● What needs to be done
The response must consist of the lines from the one holding "Säljer en rosa" through the final line of the entries, given again exactly and without any pictures.

(Extracted records)
⟨
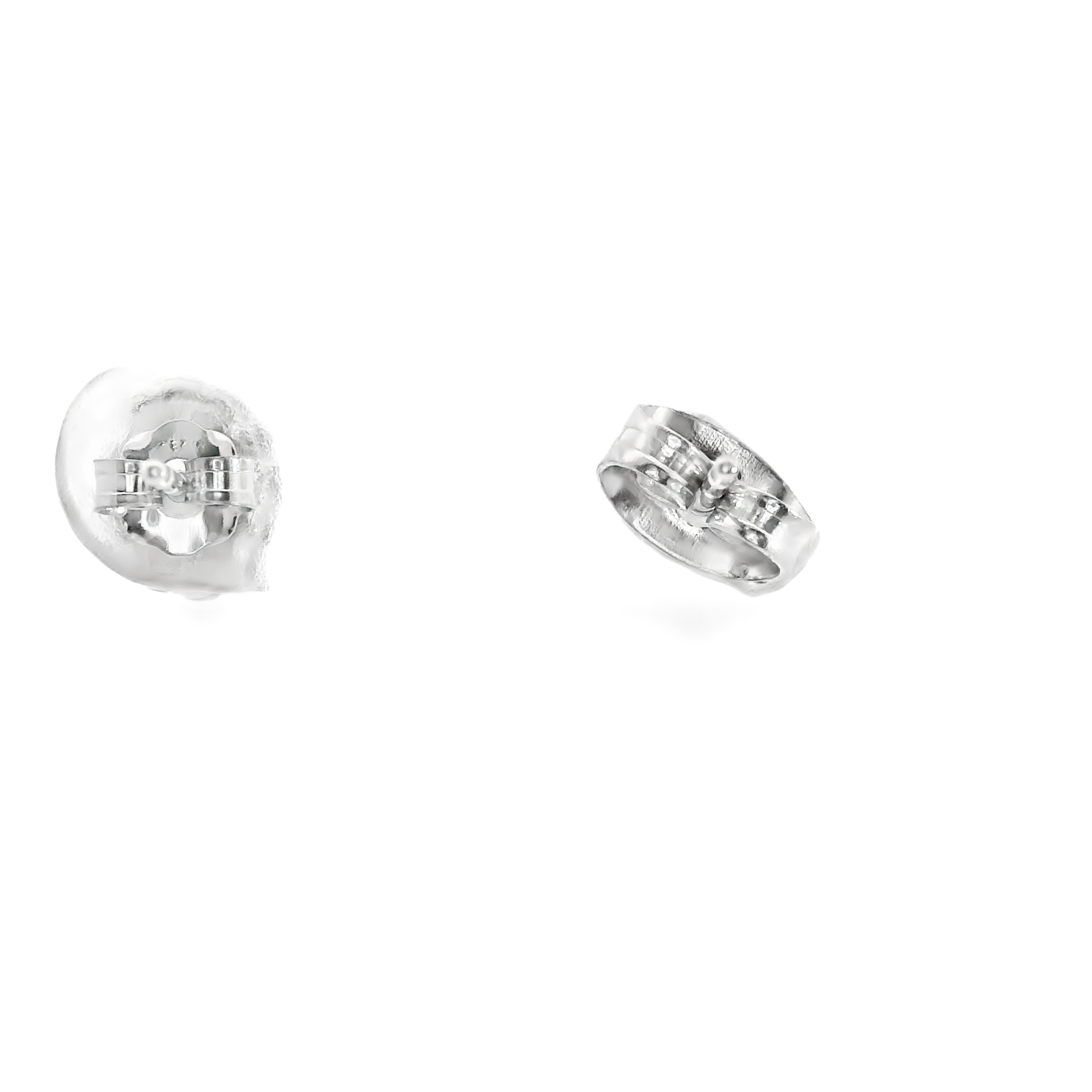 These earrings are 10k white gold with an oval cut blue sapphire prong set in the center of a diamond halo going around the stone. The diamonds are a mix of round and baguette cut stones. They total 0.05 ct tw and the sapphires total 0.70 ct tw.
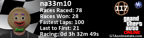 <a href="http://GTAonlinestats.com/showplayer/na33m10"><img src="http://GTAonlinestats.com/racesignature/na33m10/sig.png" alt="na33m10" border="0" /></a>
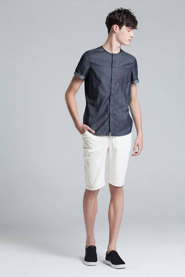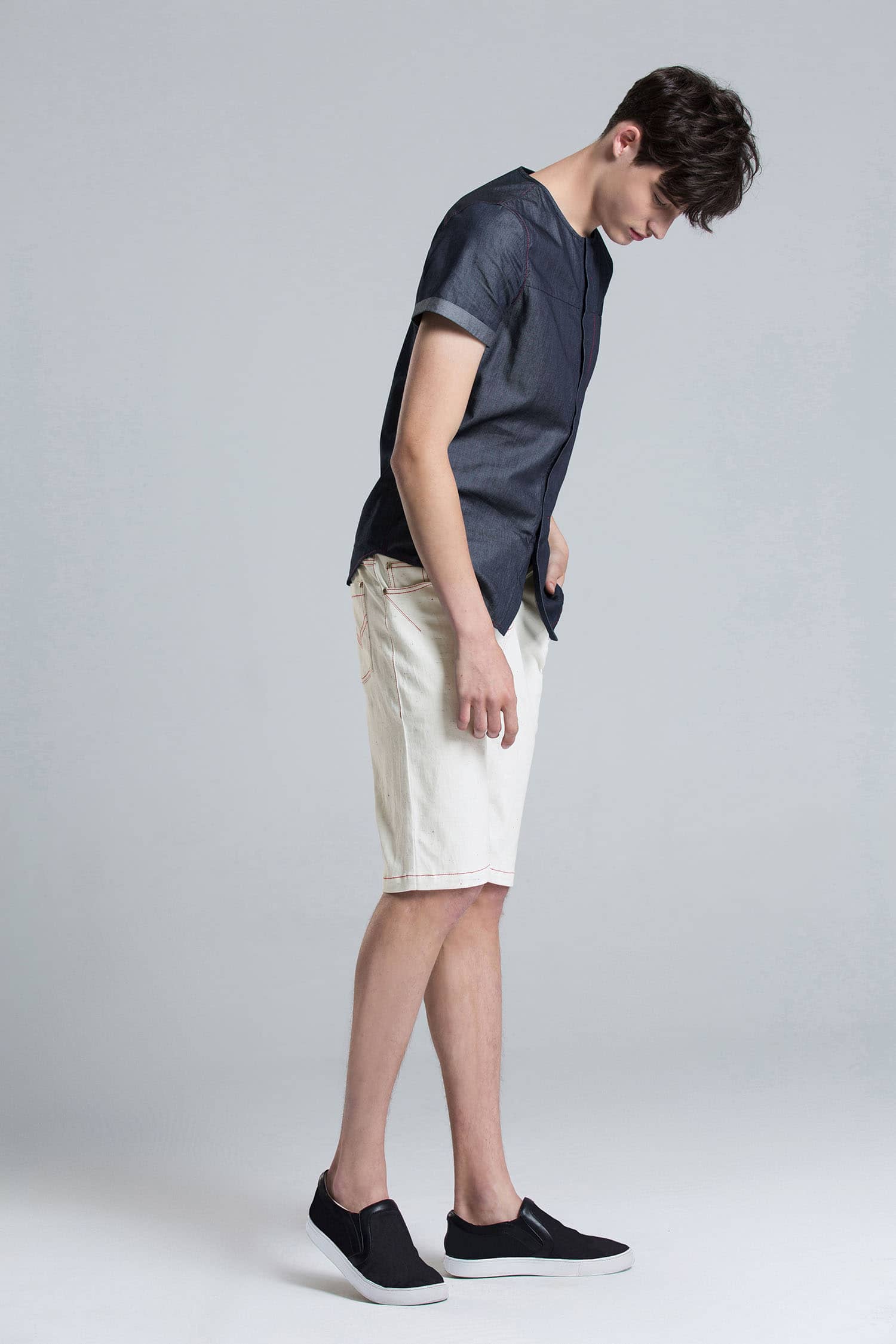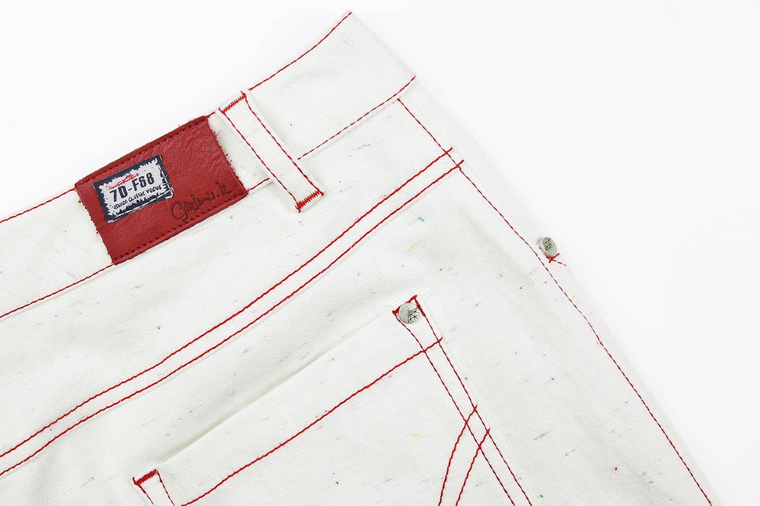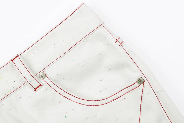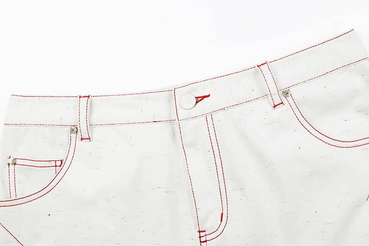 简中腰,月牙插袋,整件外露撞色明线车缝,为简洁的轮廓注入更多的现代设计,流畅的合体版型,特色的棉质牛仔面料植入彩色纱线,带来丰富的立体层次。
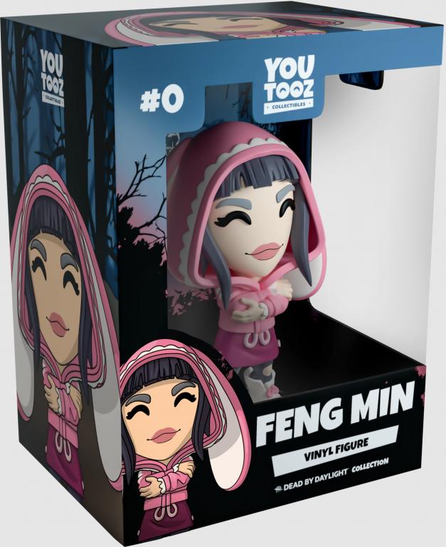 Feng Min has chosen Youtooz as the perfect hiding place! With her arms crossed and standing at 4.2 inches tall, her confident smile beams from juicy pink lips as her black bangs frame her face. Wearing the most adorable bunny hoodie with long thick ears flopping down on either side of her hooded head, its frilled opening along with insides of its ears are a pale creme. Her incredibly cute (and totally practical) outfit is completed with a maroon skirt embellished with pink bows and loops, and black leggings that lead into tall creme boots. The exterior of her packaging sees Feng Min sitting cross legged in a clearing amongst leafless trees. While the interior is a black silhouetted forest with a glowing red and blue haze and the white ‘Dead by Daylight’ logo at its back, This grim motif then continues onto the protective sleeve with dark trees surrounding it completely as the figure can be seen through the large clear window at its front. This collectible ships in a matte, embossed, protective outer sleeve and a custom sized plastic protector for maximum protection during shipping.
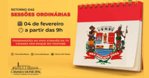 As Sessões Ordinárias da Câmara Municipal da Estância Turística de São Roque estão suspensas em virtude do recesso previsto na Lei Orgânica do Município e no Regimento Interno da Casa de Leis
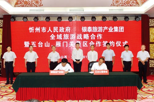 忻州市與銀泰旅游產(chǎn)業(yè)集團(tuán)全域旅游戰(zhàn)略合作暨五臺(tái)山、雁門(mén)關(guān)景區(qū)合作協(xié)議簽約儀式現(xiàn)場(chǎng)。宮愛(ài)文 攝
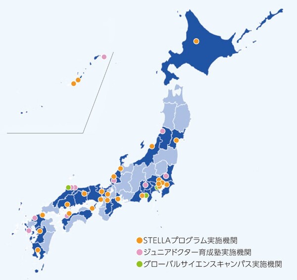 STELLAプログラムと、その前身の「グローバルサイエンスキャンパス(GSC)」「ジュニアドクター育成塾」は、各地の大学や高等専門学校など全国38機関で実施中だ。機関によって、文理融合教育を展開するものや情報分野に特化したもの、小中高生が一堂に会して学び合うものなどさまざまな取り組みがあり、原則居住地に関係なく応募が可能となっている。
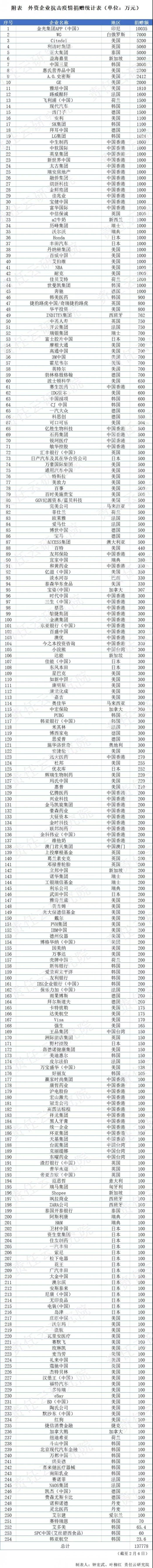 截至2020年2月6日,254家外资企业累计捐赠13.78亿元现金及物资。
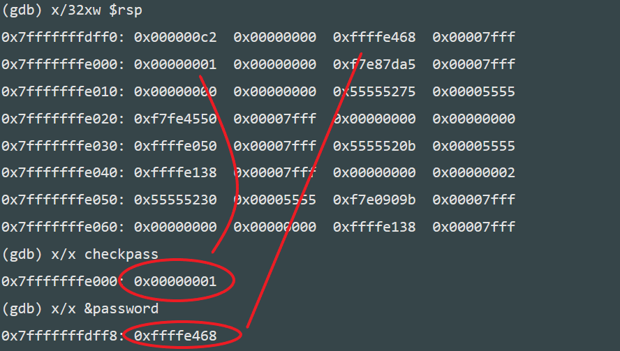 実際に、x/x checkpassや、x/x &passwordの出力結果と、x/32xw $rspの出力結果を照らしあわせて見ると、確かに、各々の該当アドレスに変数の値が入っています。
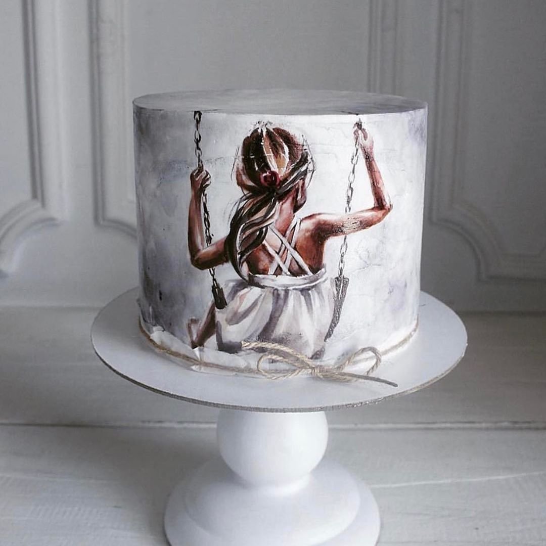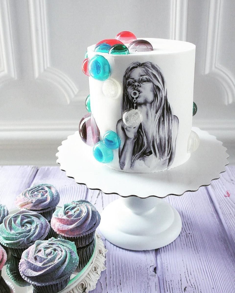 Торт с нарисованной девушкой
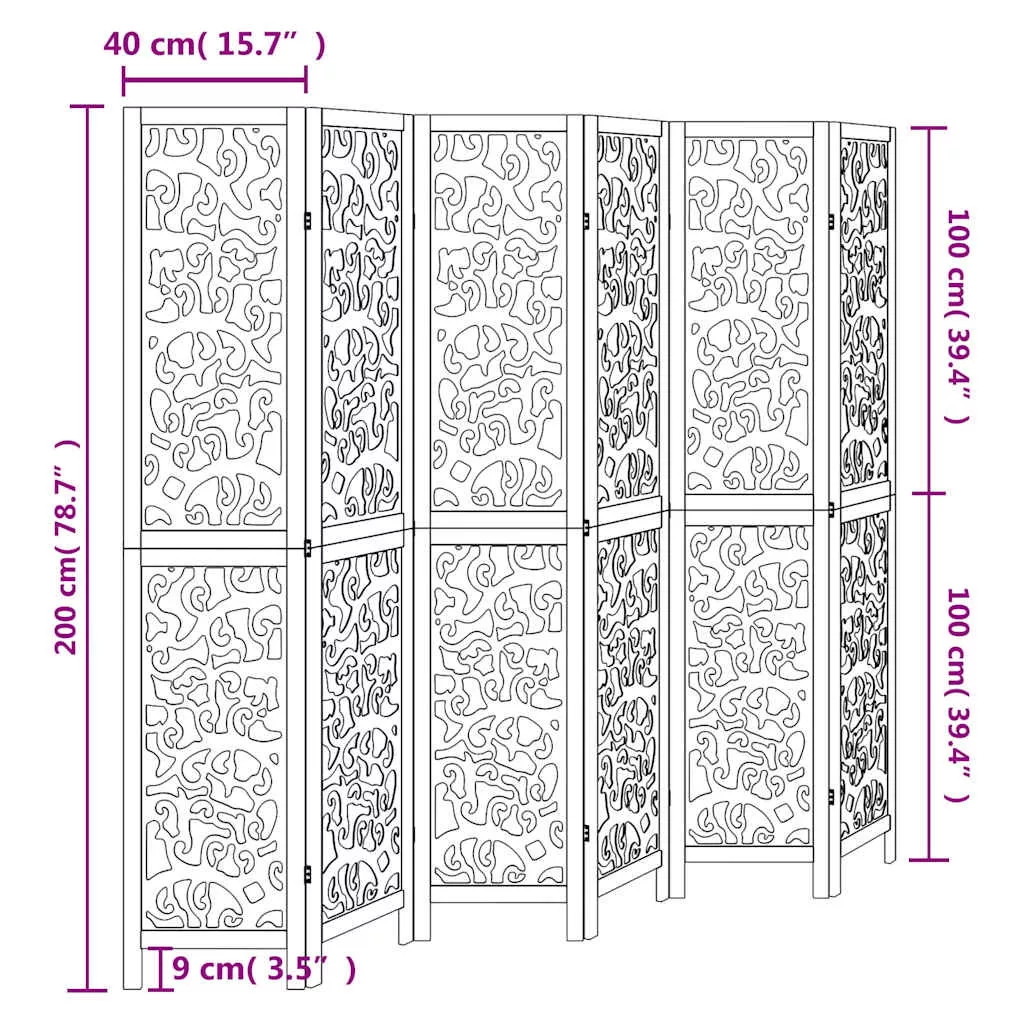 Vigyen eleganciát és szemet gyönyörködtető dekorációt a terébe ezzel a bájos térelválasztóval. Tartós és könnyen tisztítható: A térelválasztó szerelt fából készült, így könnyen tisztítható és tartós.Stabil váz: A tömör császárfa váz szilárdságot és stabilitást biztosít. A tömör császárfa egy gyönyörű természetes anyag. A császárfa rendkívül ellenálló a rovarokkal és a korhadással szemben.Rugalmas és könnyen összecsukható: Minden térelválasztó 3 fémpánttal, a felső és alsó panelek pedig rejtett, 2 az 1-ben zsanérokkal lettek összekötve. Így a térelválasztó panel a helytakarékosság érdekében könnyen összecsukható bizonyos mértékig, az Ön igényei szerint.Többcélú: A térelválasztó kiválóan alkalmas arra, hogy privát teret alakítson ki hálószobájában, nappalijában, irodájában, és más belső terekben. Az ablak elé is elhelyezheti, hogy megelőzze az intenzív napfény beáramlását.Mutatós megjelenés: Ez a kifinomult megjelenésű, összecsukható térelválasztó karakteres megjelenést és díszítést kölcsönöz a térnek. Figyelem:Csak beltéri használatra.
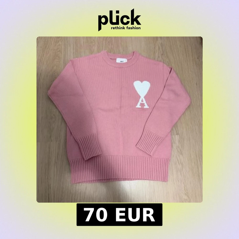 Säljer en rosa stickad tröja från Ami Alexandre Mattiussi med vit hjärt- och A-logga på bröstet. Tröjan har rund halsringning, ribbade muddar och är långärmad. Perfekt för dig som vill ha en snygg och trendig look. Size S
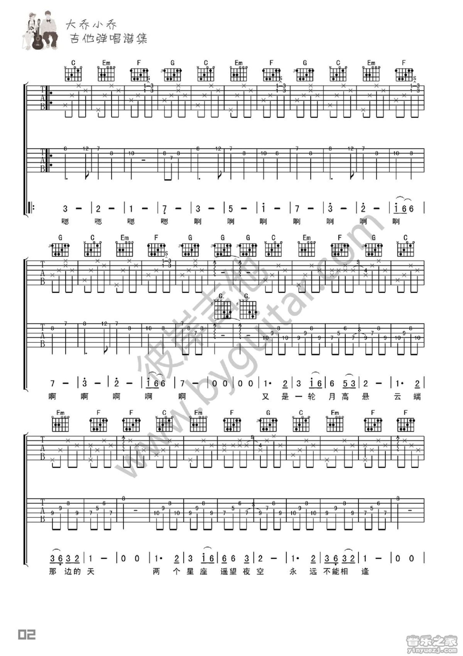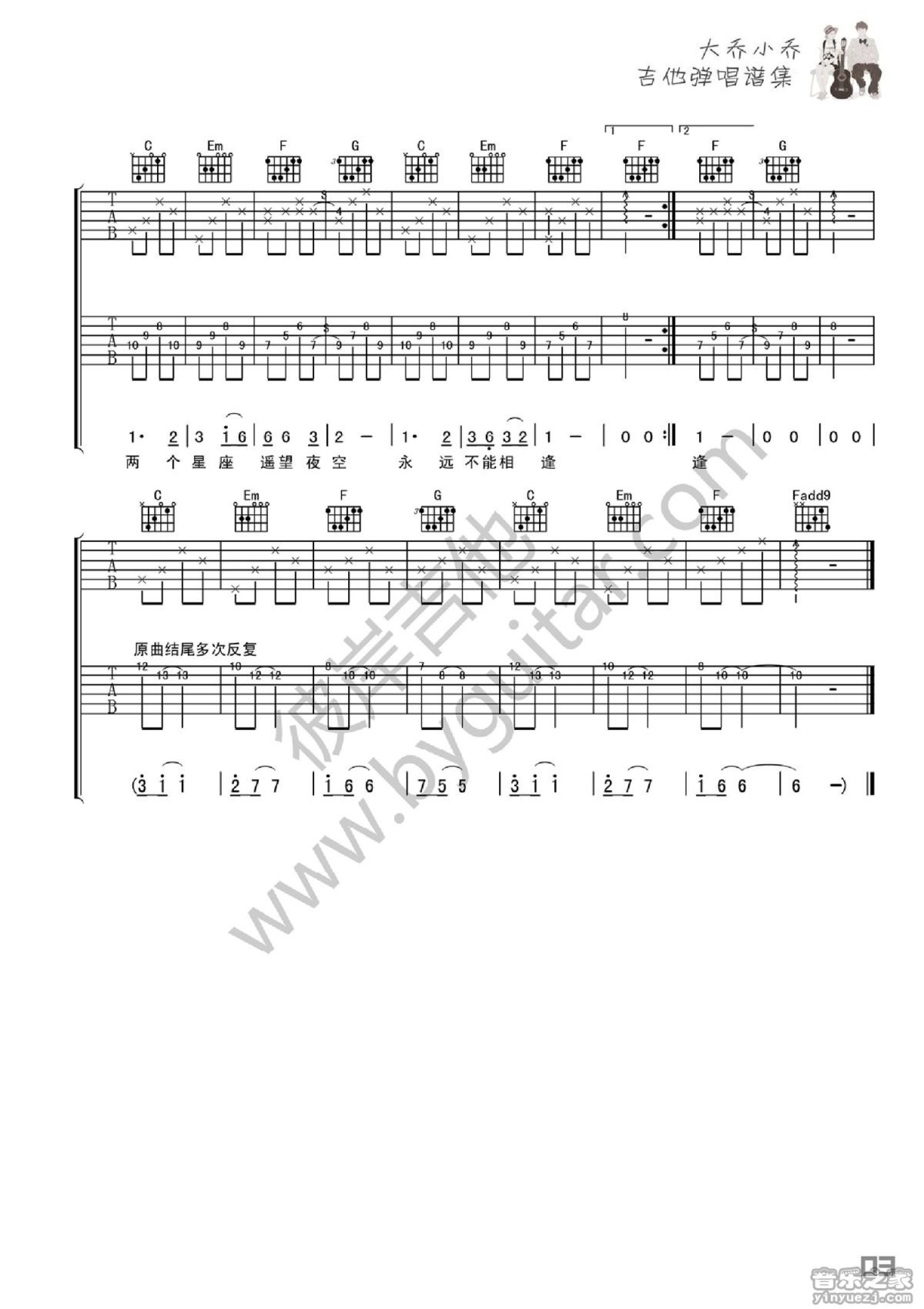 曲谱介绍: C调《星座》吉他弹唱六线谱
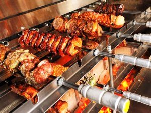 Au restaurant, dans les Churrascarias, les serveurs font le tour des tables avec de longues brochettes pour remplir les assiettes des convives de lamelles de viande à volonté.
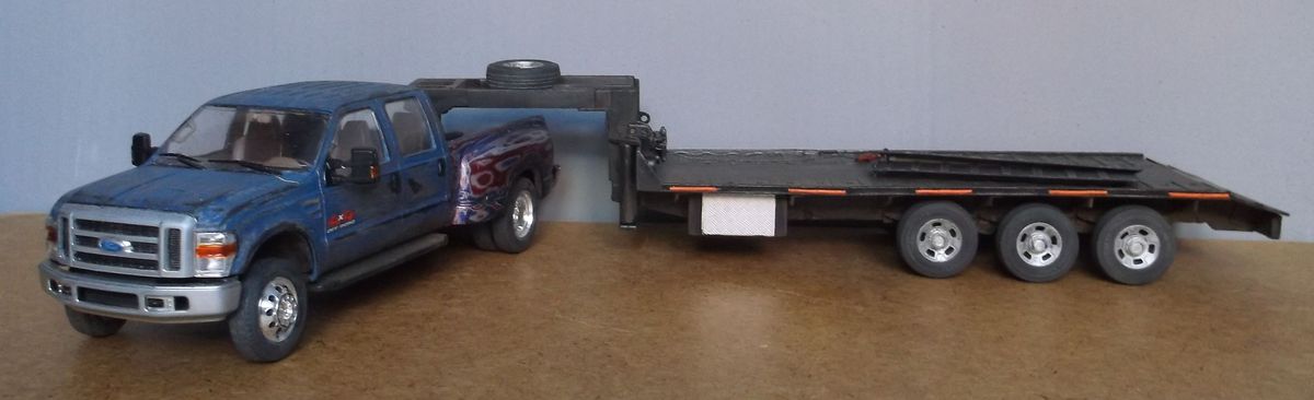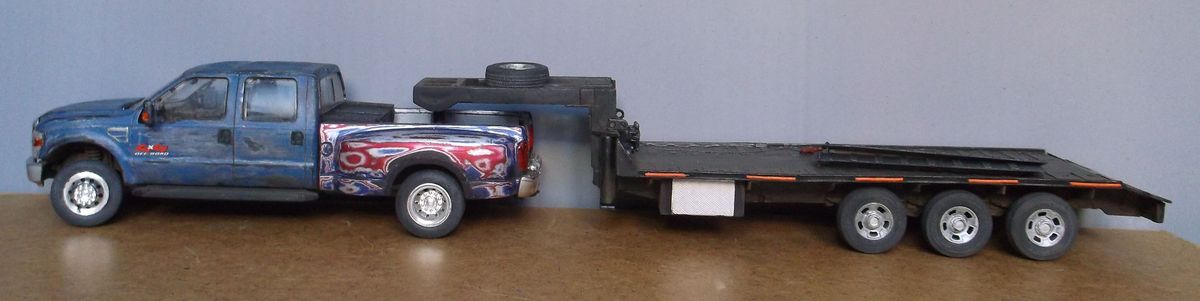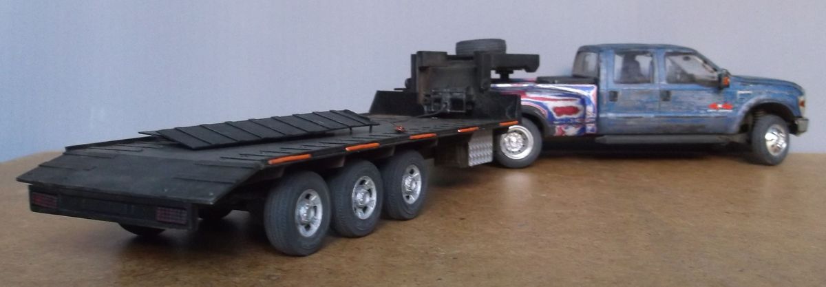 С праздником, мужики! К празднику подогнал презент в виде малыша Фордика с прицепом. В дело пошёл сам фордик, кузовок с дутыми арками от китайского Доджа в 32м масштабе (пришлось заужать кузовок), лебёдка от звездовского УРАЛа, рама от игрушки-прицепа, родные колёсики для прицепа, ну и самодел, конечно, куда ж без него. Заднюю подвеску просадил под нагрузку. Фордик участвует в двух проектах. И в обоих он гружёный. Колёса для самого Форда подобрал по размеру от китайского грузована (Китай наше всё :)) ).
⟩
● Answer box
 Säljer en rosa stickad tröja från Ami Alexandre Mattiussi med vit hjärt- och A-logga på bröstet. Tröjan har rund halsringning, ribbade muddar och är långärmad. Perfekt för dig som vill ha en snygg och trendig look. Size S
 曲谱介绍: C调《星座》吉他弹唱六线谱
 Au restaurant, dans les Churrascarias, les serveurs font le tour des tables avec de longues brochettes pour remplir les assiettes des convives de lamelles de viande à volonté.
 С праздником, мужики! К празднику подогнал презент в виде малыша Фордика с прицепом. В дело пошёл сам фордик, кузовок с дутыми арками от китайского Доджа в 32м масштабе (пришлось заужать кузовок), лебёдка от звездовского УРАЛа, рама от игрушки-прицепа, родные колёсики для прицепа, ну и самодел, конечно, куда ж без него. Заднюю подвеску просадил под нагрузку. Фордик участвует в двух проектах. И в обоих он гружёный. Колёса для самого Форда подобрал по размеру от китайского грузована (Китай наше всё :)) ).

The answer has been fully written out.